» **Work to be completed**:
Return all the lines below exactly as written. Drop every picture.
··· Data excerpt
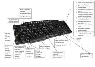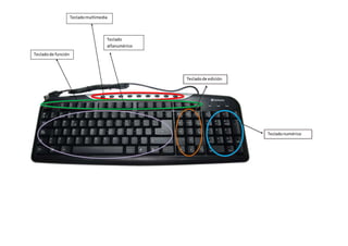 Este documento describe las diferentes partes y funciones de un teclado de computadora. Incluye teclados alfanuméricos, de función, multimedia y de edición. Explica las funciones básicas de teclas como Tab, Mayús, Flechas, Enter, así como las teclas de edición como Supr, Fin, Inicio, entre otras.
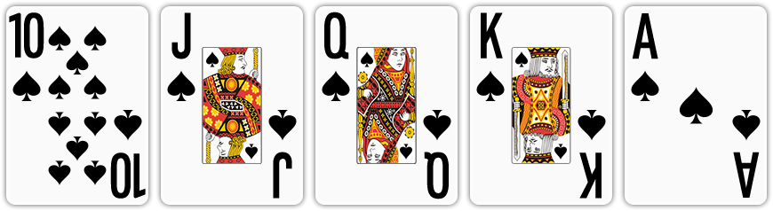 | 로얄스트레이트플러시 | 5장의 카드가 모두 같은 무늬이면서 10, J, Q, K, A순서로 구성된 경우 |
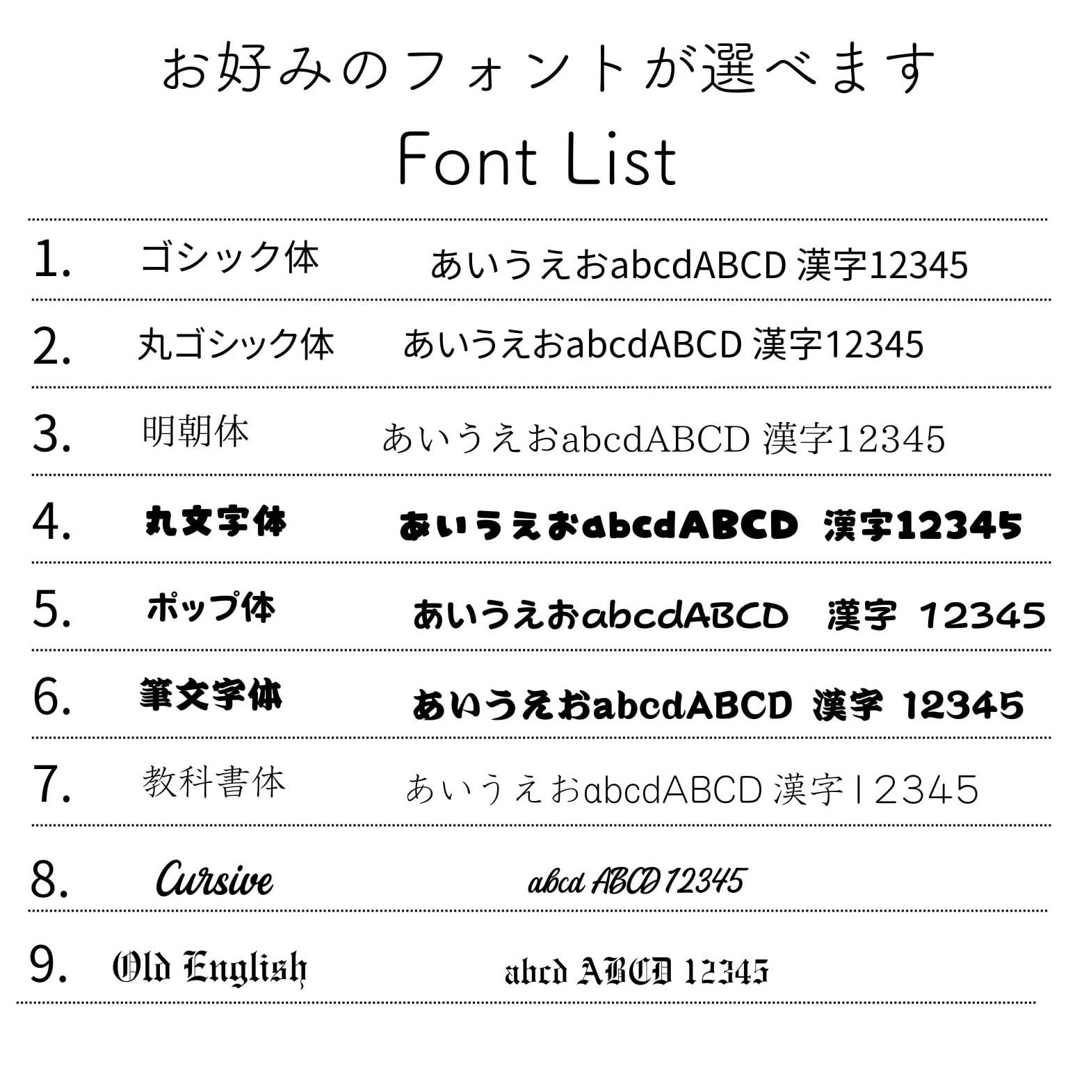 オプションをご希望の方は、必ず希望文字とフォント番号の記載をお願いいたします。フォント番号の指定がない場合は、全てゴシック体で製作させていただきますので、ご了承ください。
······
» **Answer area**:
 Este documento describe las diferentes partes y funciones de un teclado de computadora. Incluye teclados alfanuméricos, de función, multimedia y de edición. Explica las funciones básicas de teclas como Tab, Mayús, Flechas, Enter, así como las teclas de edición como Supr, Fin, Inicio, entre otras.
 | 로얄스트레이트플러시 | 5장의 카드가 모두 같은 무늬이면서 10, J, Q, K, A순서로 구성된 경우 |
 オプションをご希望の方は、必ず希望文字とフォント番号の記載をお願いいたします。フォント番号の指定がない場合は、全てゴシック体で製作させていただきますので、ご了承ください。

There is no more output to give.